«...Au total, il est donc tout naturel que vers 1930, en ce temps de contre-révolution sociale et artistique, les meilleurs romanciers américains prennent pour base d'opération le grand réalisme critique d'avant-guerre. Une métaphore militaire en amenant une autre, je crois qu'il faut admirer la stratégie indirecte des pères fondateurs et leur descendance, par laquelle ils pénètrent dans le dispositif ennemi, c'est-à-dire la culture de masse, afin d'opérer sur ses lignes de communication... Rions en tout cas encore une fois des feuillistes qui affirment sempiternellement de tel ou tel ouvrage qu'il est davantage qu'un "roman policier".
Le roman noir, grandes têtes molles, ne vous a pas attendus pour se faire une stature que la plupart des écoles romanesques de ce siècle ont échoué à atteindre.»
À travers ses chroniques, Jean-Patrick Manchette retrace histoire, théorie et critique du roman noir.

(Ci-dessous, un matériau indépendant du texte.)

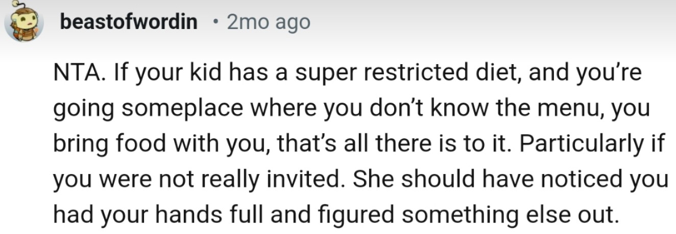 "If your kid has a super restricted diet, and you're going someplace where you don't know the menu, you bring food with you"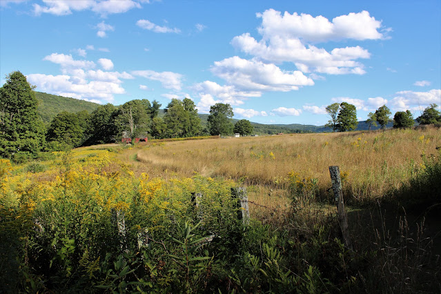 Back from a nice vacation getaway, I headed into the southern Berkshires this afternoon to do a little hiking in bucolic Tyringham. Conditions were nearly perfect as I parked at the Trustees of Reservations Tyringham Cobble Trailhead along Jerusalem Road(Elevation 995 feet) and headed through the open meadows on the mowed Cobble Loop Trail.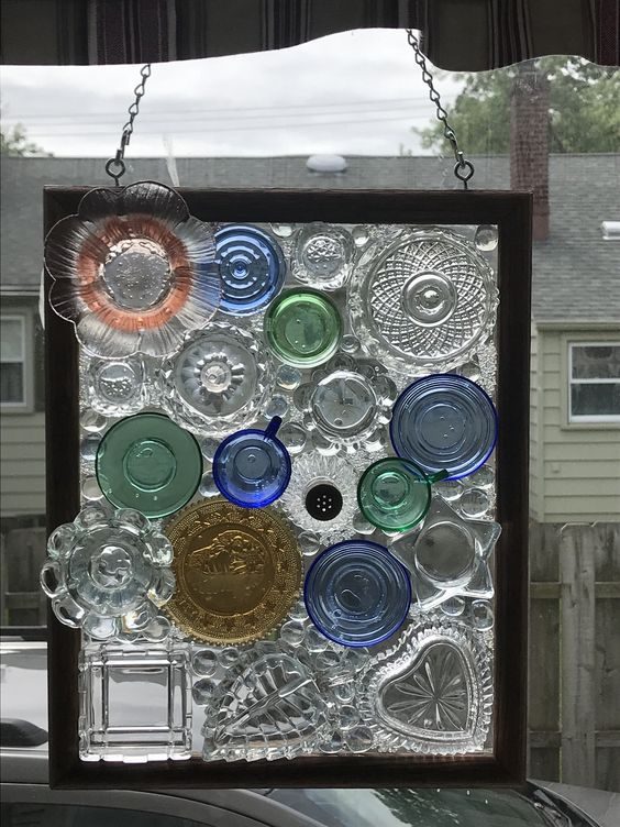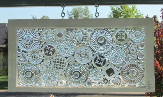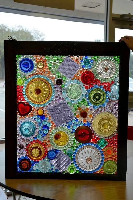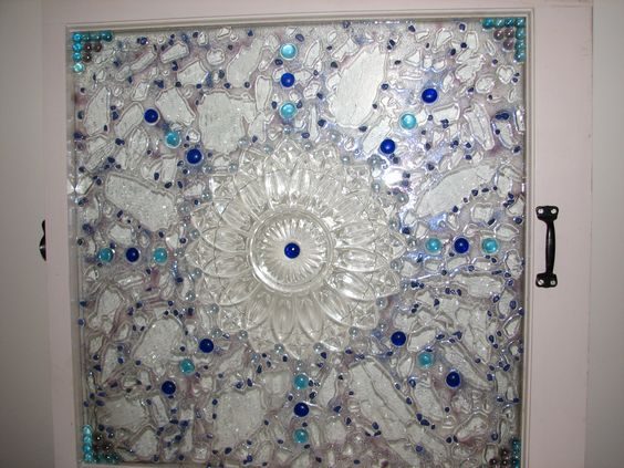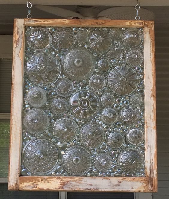 Пробелы заполните стеклянными «камушками» или осколками посуды. Если создаете панно — прикрепите к раме крючки и цепи. Теперь любимая коллекция хрусталя будет радовать глаз, не занимая места в серванте.

Des textes souvent percutants, drôles et lucides, qui révèlent la passion de l'essayiste et la rigueur de l'analyste. Ce recueil rassemble l'intégralité des chroniques "Polars" parues dans Charlie Mensuel, des "Notes noires" de la revue Polar, et plusieurs textes et préfaces traitant du roman noir ou de ses maîtres, de Dashiell Hammett à James Ellroy.
Jean-Patrick Manchette (1942-1995), auteur de romans policiers, fut aussi critique de romans noirs et de cinéma, dialoguiste et scénariste de films, et traducteur. Il est considéré comme le « pape du néo-polar », bien qu'il se situe dans la tradition des grands maîtres du polar américain comme Hammett ou Chandler. Il est très tôt militant, avec notamment la lutte contre la guerre d'Algérie, puis dans l'extrême gauche dans la mouvance situationniste. Passionné de jazz et de polars américains, il commence par écrire des scénarios de court-métrage, des films sexy avec le réalisateur Max Pécas et des épisodes de la série télévisée Les Globe-trotters. Il débarque dans la Série noire en 1971 avec Laissez bronzer les cadavres (avec Jean-Pierre Bastid) et L'Affaire N'Gustro. Neuf autres romans suivront. Il est aussi traducteur (Robert Littell, Robert Bloch, John Buell, Ross Thomas et Donald Westlake), critique littéraire dans Charlie Mensuel, Polar et occasionnellement Libération. Il participe à de nombreux scénarios de séries télévisées et de cinéma et dirige la collection de science-fiction Futurama. Il arrête d'écrire des fictions en 1982. Atteint d'une grave forme d'agoraphobie, il passera l'essentiel de ses dernières années cloîtré chez lui. Il décède le 3 juin 1995.